- TASK DESCRIPTION -
Given the records underneath, please repeat exactly the lines from the line with "Một quầy phân" through the line with "Turn up the", passing over any picture.

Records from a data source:
══════════

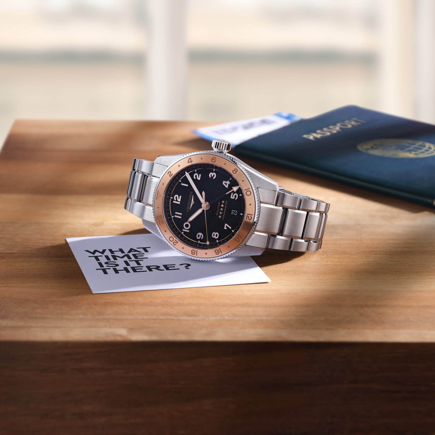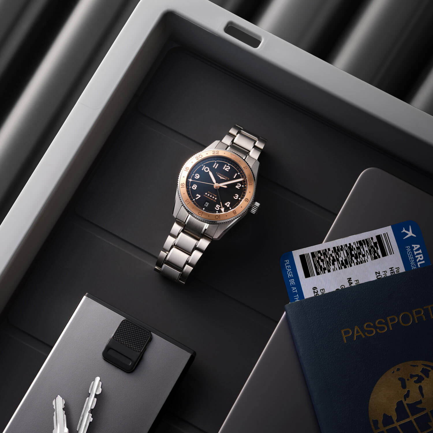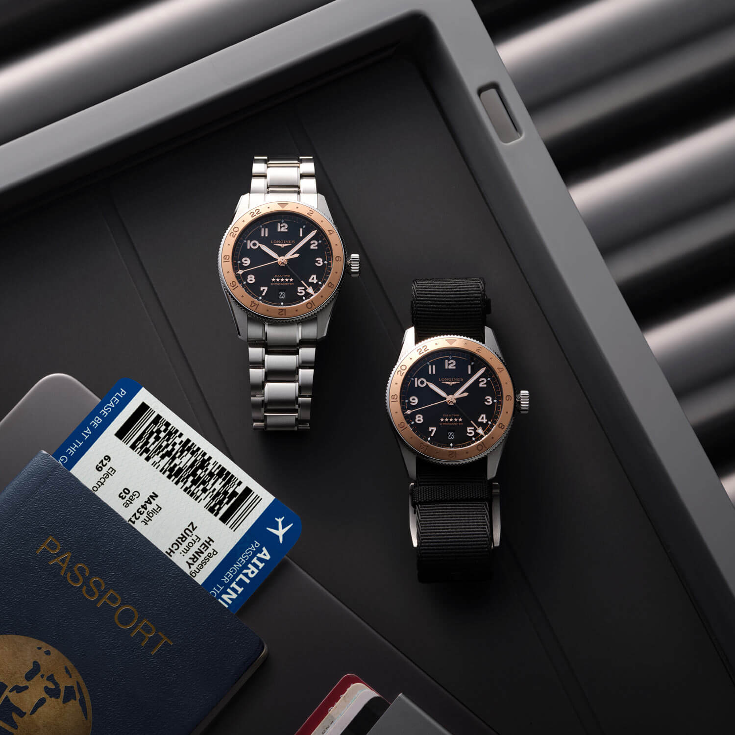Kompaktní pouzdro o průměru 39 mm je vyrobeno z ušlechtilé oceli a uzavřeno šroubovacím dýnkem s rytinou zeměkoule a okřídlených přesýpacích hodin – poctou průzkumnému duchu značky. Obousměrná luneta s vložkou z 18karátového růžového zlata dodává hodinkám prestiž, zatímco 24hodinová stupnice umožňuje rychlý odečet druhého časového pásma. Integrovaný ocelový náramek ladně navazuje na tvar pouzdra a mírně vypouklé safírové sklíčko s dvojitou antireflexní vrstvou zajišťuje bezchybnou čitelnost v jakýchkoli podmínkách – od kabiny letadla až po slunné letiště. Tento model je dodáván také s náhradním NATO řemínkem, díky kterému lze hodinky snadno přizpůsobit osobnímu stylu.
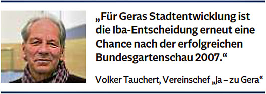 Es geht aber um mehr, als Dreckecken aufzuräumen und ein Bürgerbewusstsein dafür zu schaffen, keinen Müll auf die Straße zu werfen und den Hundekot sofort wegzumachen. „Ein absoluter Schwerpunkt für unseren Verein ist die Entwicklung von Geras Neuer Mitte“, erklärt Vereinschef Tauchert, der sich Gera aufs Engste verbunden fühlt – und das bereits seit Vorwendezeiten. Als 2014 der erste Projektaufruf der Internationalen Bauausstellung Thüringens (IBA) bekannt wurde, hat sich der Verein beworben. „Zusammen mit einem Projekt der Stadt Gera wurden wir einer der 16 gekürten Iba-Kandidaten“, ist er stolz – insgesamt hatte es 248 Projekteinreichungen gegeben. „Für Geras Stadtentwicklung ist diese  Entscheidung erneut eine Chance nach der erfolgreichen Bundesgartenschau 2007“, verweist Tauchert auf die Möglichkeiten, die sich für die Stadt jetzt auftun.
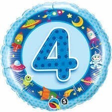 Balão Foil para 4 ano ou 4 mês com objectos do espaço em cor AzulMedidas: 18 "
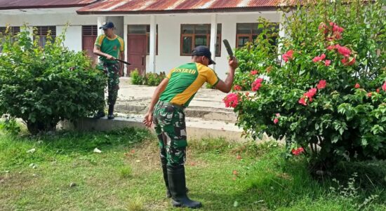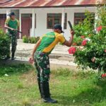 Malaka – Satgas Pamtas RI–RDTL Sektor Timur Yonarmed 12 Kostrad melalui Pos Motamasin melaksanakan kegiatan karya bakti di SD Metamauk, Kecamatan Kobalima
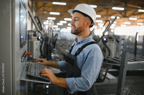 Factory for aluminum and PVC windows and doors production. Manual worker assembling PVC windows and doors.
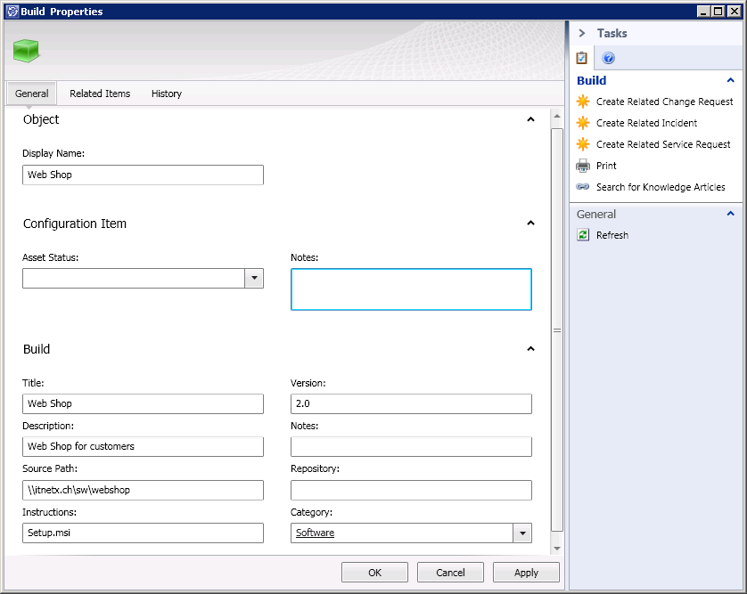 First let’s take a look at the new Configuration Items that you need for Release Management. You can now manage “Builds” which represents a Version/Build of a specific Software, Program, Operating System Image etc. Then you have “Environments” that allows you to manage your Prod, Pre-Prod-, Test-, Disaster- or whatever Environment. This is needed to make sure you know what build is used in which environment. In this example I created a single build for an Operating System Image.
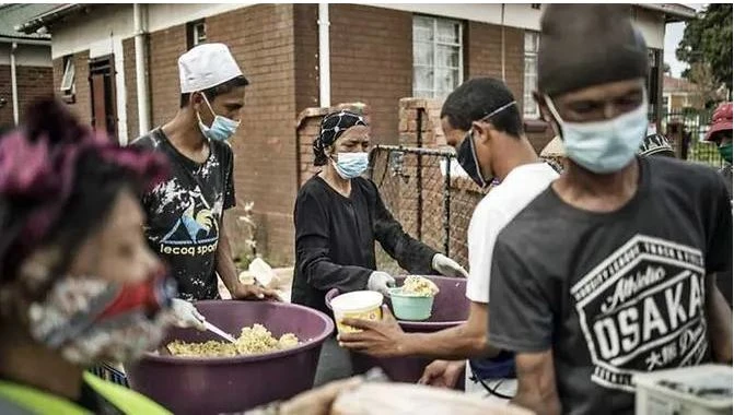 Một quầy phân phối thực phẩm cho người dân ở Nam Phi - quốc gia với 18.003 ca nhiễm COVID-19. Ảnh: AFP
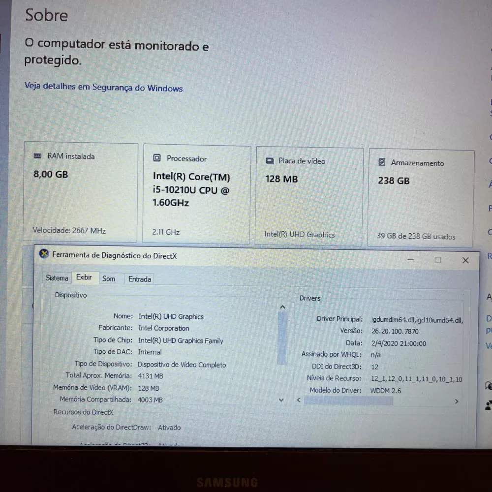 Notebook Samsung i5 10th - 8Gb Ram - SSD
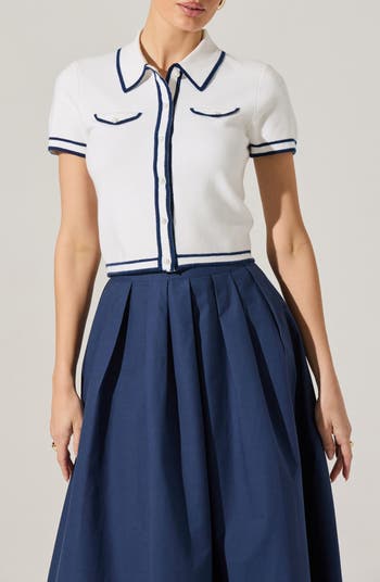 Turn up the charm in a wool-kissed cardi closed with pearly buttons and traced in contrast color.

══════════

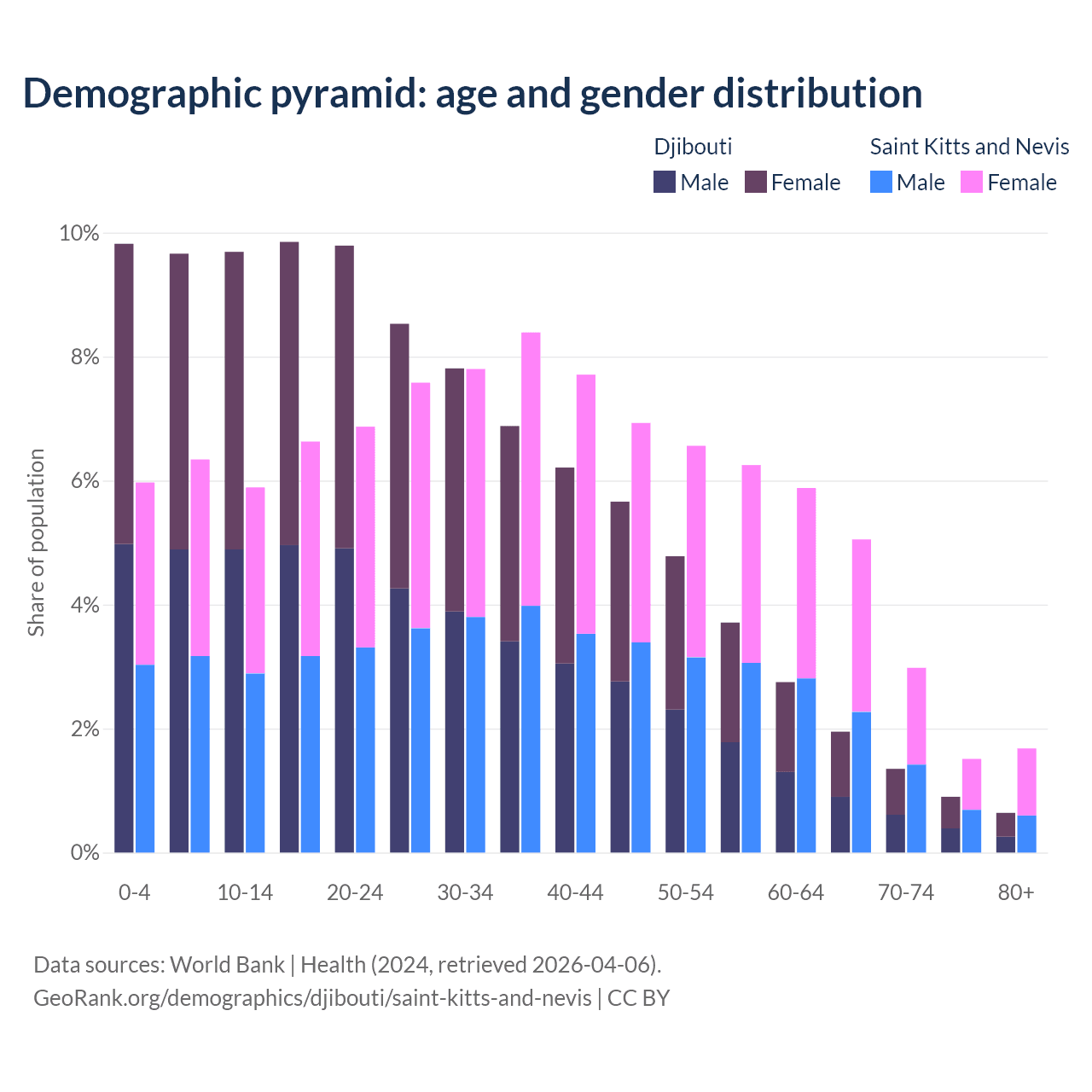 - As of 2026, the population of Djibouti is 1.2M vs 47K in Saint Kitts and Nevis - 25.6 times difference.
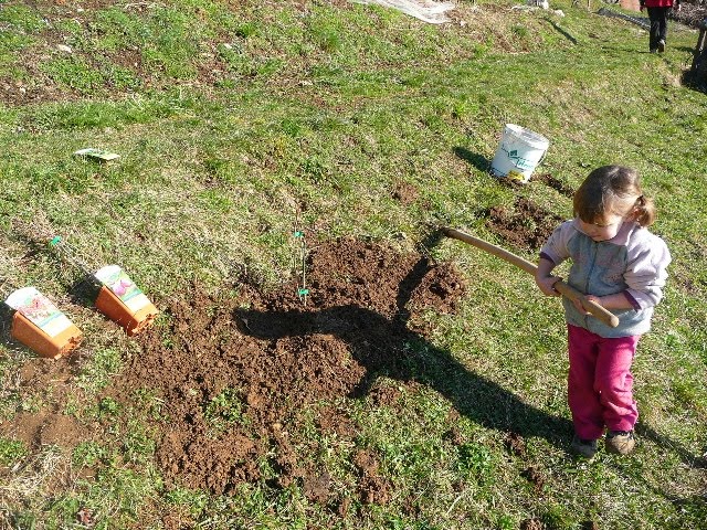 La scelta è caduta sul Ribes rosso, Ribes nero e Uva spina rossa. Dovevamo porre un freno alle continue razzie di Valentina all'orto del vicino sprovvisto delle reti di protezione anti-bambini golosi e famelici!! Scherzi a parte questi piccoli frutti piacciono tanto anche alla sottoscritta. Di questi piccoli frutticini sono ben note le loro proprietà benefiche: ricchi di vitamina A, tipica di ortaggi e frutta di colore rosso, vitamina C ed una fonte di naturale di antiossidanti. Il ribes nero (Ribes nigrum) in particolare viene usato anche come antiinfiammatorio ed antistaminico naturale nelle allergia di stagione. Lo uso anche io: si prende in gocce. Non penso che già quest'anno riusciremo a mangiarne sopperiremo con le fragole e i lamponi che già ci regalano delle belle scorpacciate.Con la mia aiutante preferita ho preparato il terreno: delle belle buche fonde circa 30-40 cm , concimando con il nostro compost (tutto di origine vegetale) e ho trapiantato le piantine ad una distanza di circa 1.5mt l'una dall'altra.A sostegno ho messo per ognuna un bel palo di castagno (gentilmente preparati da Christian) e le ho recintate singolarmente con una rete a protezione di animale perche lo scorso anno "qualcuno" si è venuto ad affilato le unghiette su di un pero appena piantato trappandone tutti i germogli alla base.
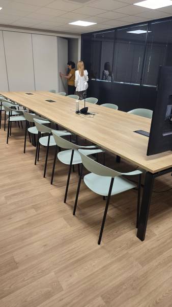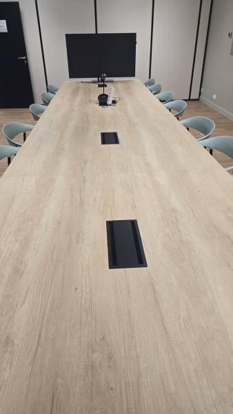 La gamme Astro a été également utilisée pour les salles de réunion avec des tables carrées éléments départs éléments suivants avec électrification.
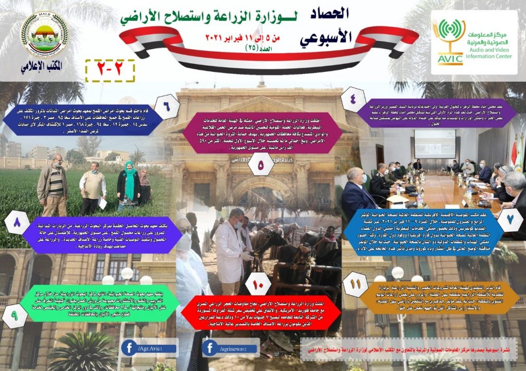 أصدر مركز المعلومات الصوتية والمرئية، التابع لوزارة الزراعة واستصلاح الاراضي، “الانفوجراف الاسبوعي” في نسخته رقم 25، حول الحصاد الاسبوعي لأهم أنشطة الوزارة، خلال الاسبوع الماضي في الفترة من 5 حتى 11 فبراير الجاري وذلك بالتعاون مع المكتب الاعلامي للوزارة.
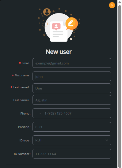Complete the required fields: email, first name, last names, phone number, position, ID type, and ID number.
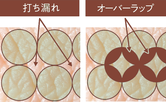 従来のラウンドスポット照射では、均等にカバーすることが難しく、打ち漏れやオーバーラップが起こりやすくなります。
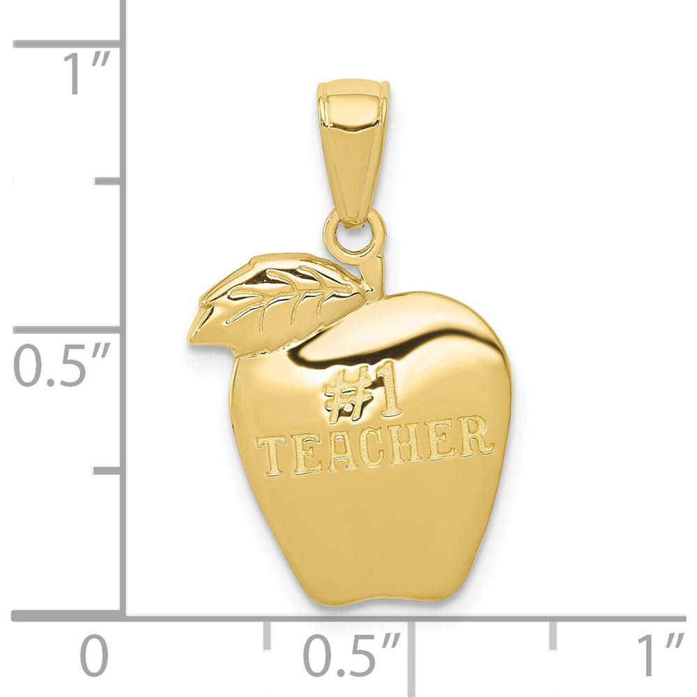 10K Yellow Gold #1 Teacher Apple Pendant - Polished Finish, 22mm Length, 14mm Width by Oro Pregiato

══════════

- EXERCISE RESULT -
 Một quầy phân phối thực phẩm cho người dân ở Nam Phi - quốc gia với 18.003 ca nhiễm COVID-19. Ảnh: AFP
 Notebook Samsung i5 10th - 8Gb Ram - SSD
 Turn up the charm in a wool-kissed cardi closed with pearly buttons and traced in contrast color.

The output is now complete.